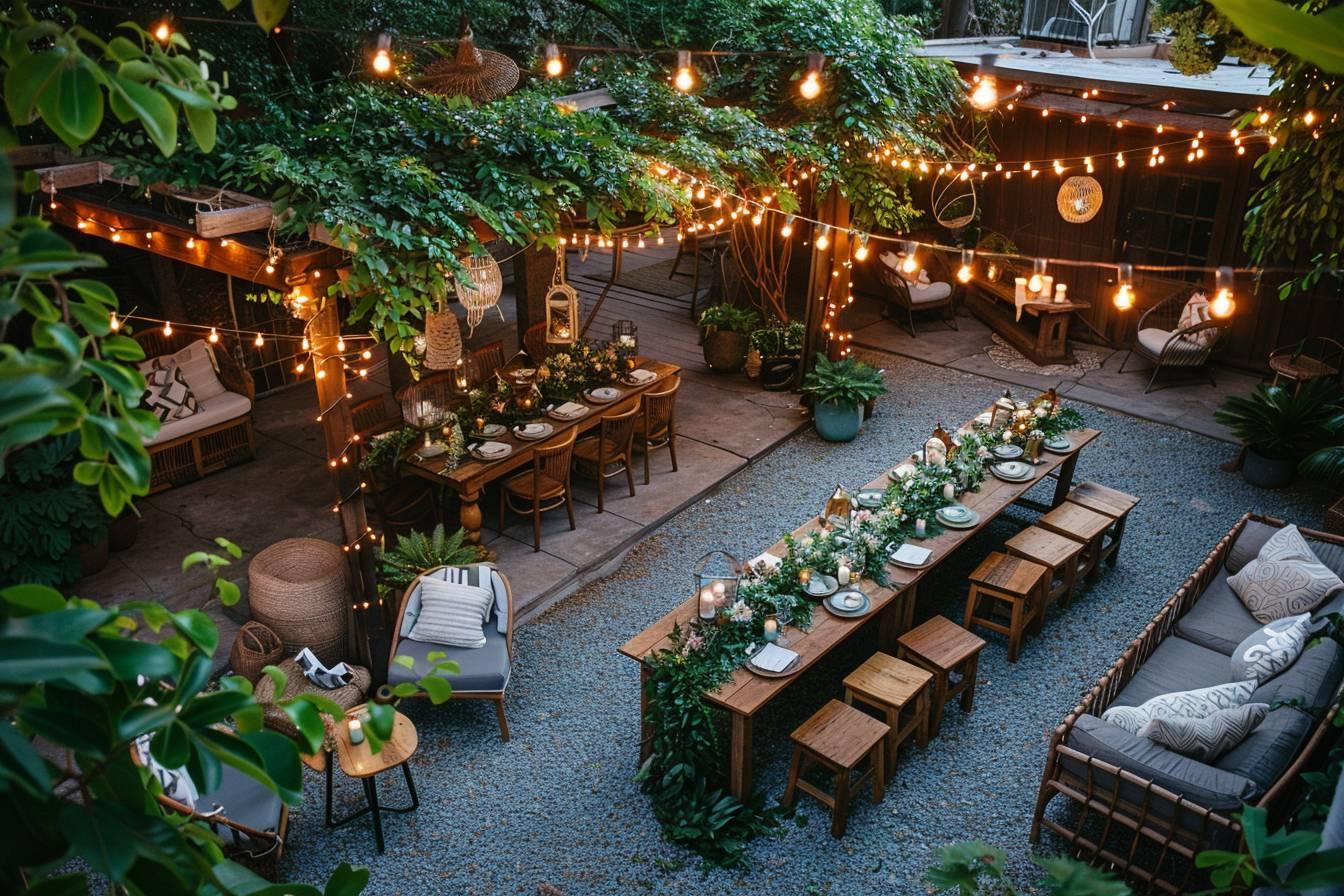 Imaginez des centres de table composés de fleurs locales plantées dans des pots en terre cuite que vos invités pourront emporter, ou encore des guirlandes lumineuses enveloppées autour d’arbres ou de structures en bois recyclé pour une illumination féerique au coucher du soleil. Les possibilités sont infinies et s’adaptent à tous les thèmes.
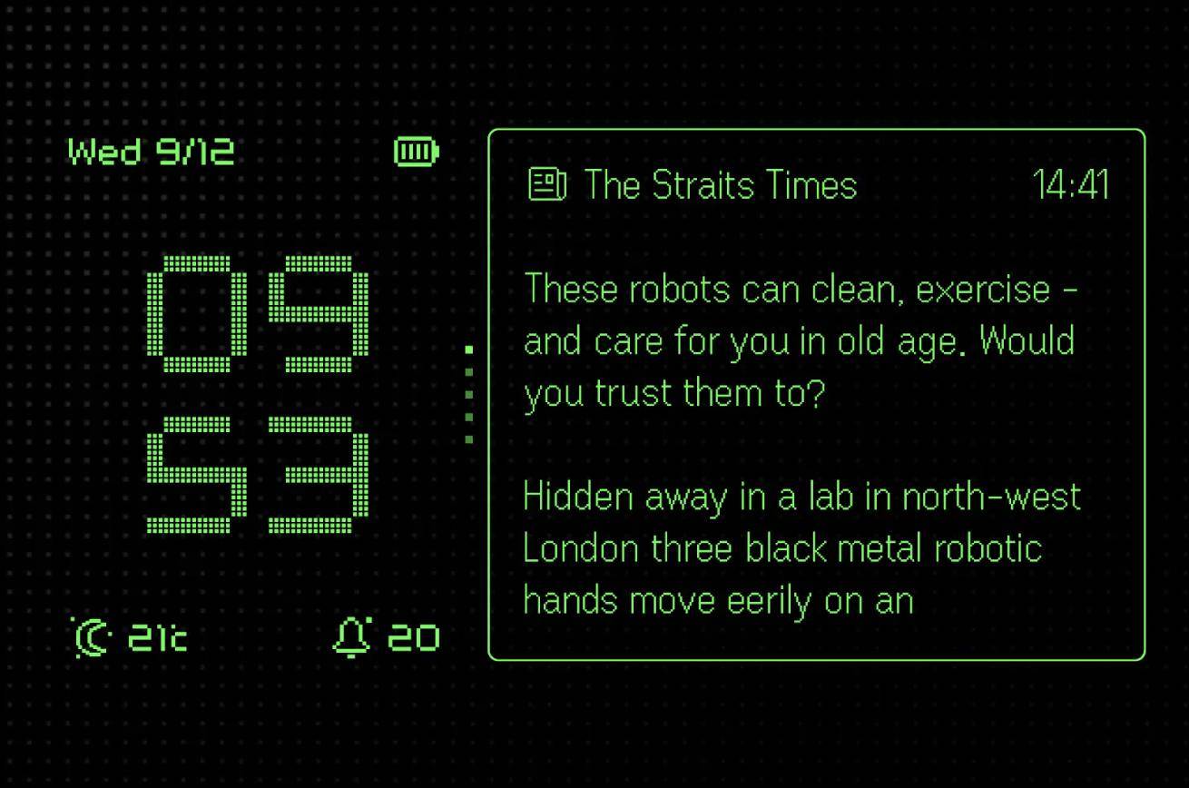 该机内置一块 640×350 分辨率 60Hz Micro LED 单色(绿色)显示屏,最高亮度可达 1200 尼特,并可通过传感器自动调节亮度,保证在日光环境下依然清晰可见。用户亦可额外购买 Even R1 智能戒指,利用体感方式对眼镜进行交互。
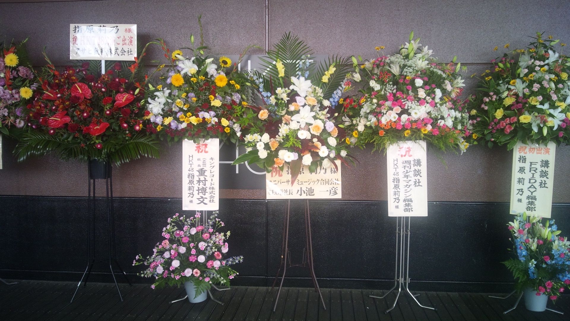 福岡ドームに野球観にきたら、今日はさしこがHKT48のデビュー初日らしく、花がいっぱい(^。^) 画像はHKT48劇場のまえで高田課長がテレビレポートしてるところ http://t.co/nwZztucq

_Instructions for the task_
With images left out, the data must be transcribed exactly.

_Output below_
 Imaginez des centres de table composés de fleurs locales plantées dans des pots en terre cuite que vos invités pourront emporter, ou encore des guirlandes lumineuses enveloppées autour d’arbres ou de structures en bois recyclé pour une illumination féerique au coucher du soleil. Les possibilités sont infinies et s’adaptent à tous les thèmes.
 该机内置一块 640×350 分辨率 60Hz Micro LED 单色(绿色)显示屏,最高亮度可达 1200 尼特,并可通过传感器自动调节亮度,保证在日光环境下依然清晰可见。用户亦可额外购买 Even R1 智能戒指,利用体感方式对眼镜进行交互。
 福岡ドームに野球観にきたら、今日はさしこがHKT48のデビュー初日らしく、花がいっぱい(^。^) 画像はHKT48劇場のまえで高田課長がテレビレポートしてるところ http://t.co/nwZztucq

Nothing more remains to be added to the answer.